Items from a dataset

——————————

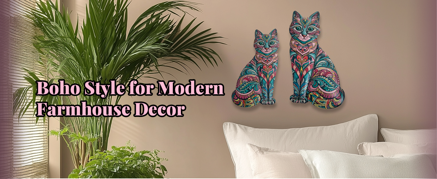 Enchant Your Space with Bohemian Flair: Boho colorful cat wall art set of 2, transform your walls into a whimsical sanctuary with this charming metal plaques, designed to captivate cat lovers and boho enthusiasts alike. It bring your walls to life with vitality and charm
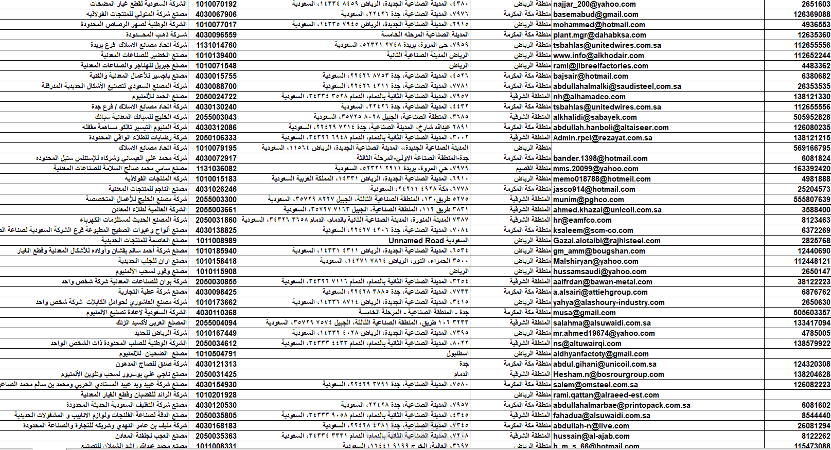 الداتا عبارة عن ملف إكسل يحتوي على بيانات 1000شركة ومصنع في مجال الصناعات الحديدية والمعدنية
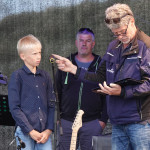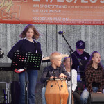 Beim Ententanz animierten die beiden Sänger nicht nur die Zuschauer zum Mitmachen, er bot auch für Lars Vogel vom Lions-Club und Thomas Agena vom Rotary-Club die Gelegenheit, mit einer Riesen-Badeente Werbung für das Entenrennen zu machen und Rennlizenzen für die Veranstaltung am Sonntag, 24. August zu verkaufen.
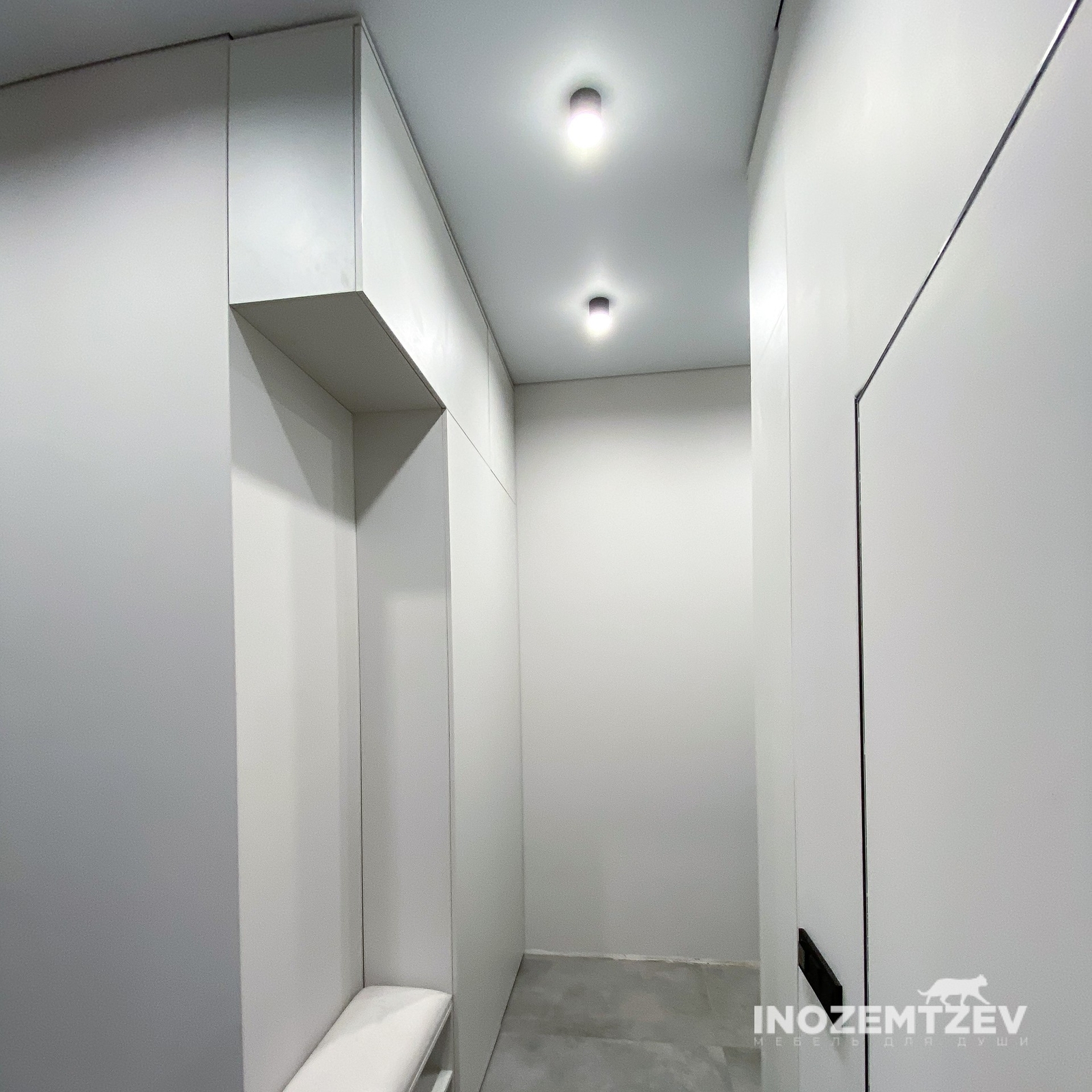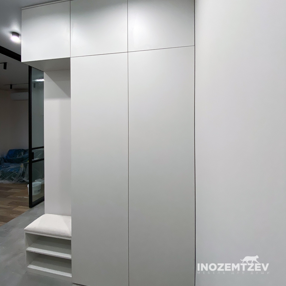 Линейный шкаф в потолок в прихожей из МДФ эмали и ЛДСП Egger, в дополнении к шкафу изготовлены подвесная тумбочка с двумя выдвижными ящиками, вешалки, пуфик, рейки и зеркало
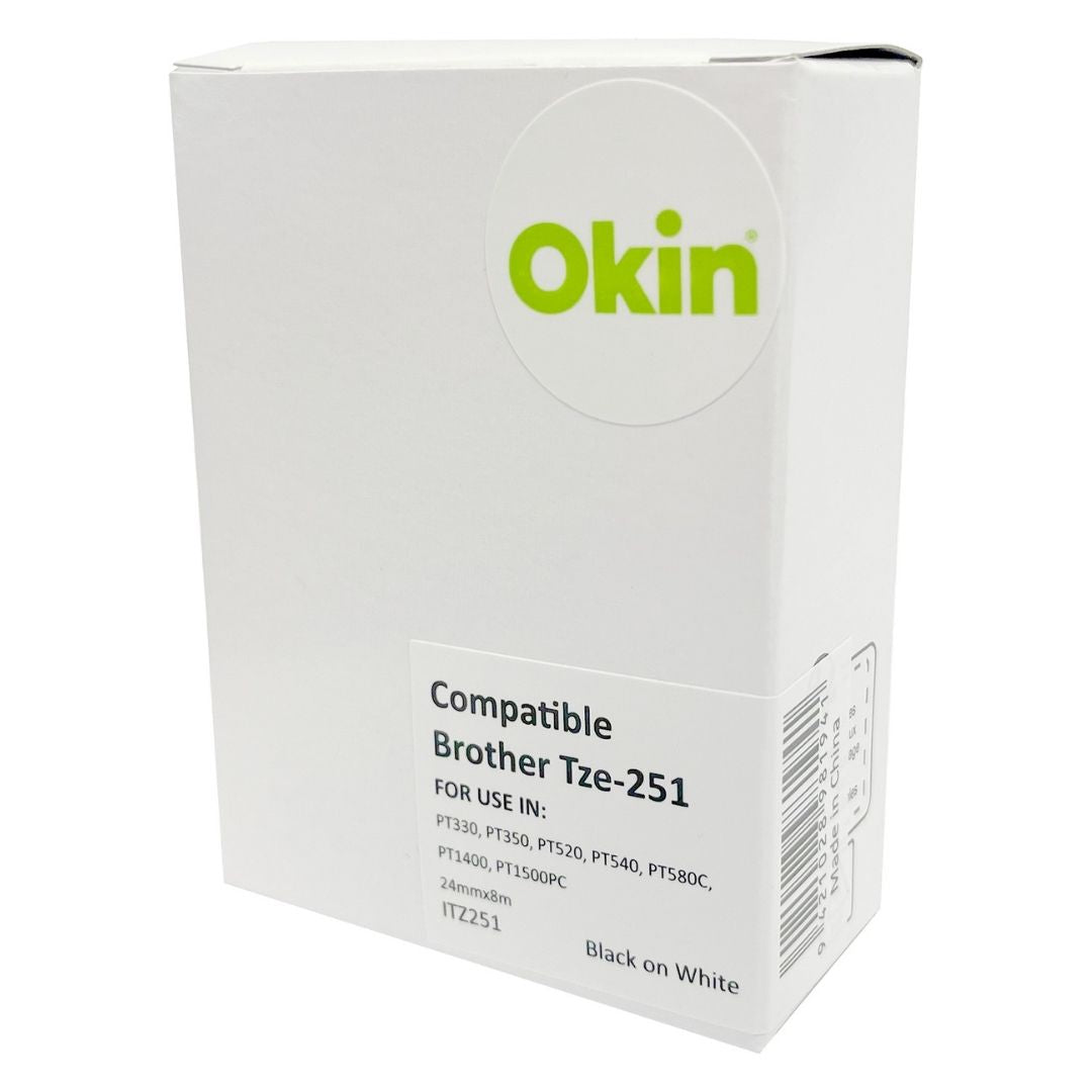 Okin compatible brother tz tape 24mm black on white
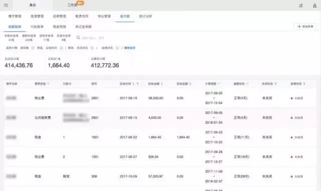 除了日常租金,业主方与客户间还有其他账目往来,包括保证金、物业费、水电费、停车费等诸多类别。而在“收付款”模块内,上述各项应收款都可以通过CREAMS一键生成费用明细,用户还可以设置智能提醒功能,在账单到期时导出账单,发送给客户。
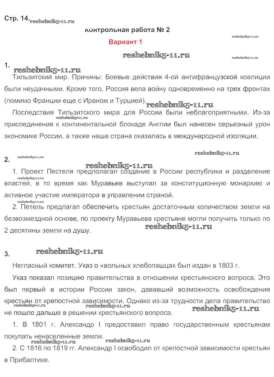 Готовая домашняя работа с ответами по Истории за 9 класс Артасов Контрольные работы УМК Просвещение 2017 ФГОС - Страницы 14
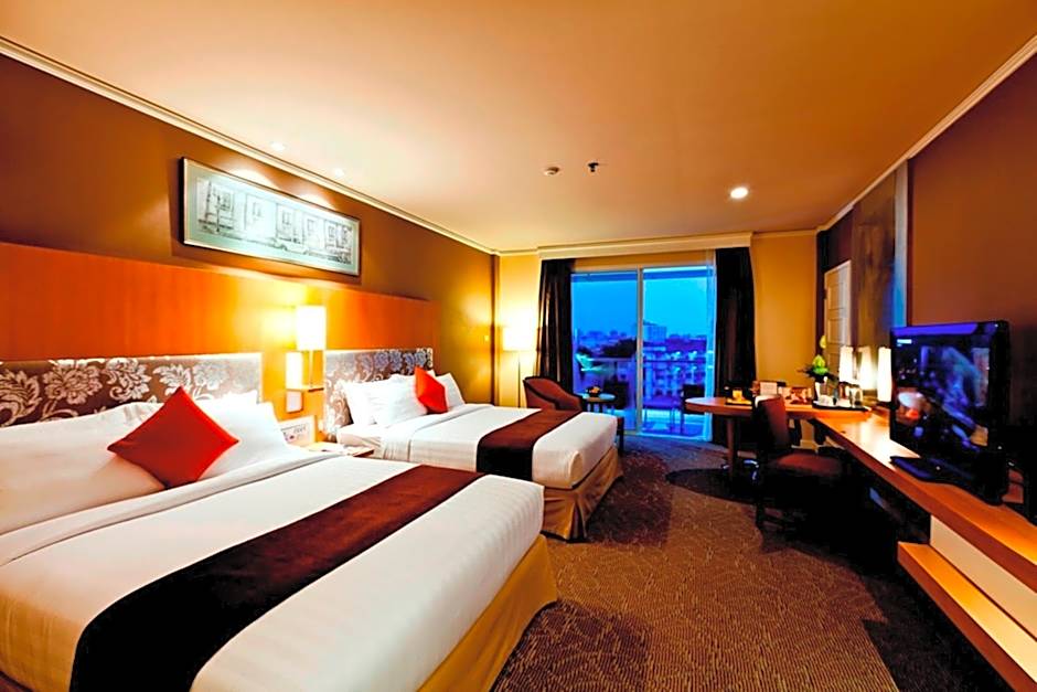 Deluxe is 366 square feet and includes either a queen-size bed 150-154 width or 2 single beds 80-130 width plus balcony.

——————————

Task requirements: What you need to copy is the run of lines from the one holding "Готовая домашняя работа" through the end of the data, exactly and only, both ends included, pictures omitted.

Task result:
 Готовая домашняя работа с ответами по Истории за 9 класс Артасов Контрольные работы УМК Просвещение 2017 ФГОС - Страницы 14
 Deluxe is 366 square feet and includes either a queen-size bed 150-154 width or 2 single beds 80-130 width plus balcony.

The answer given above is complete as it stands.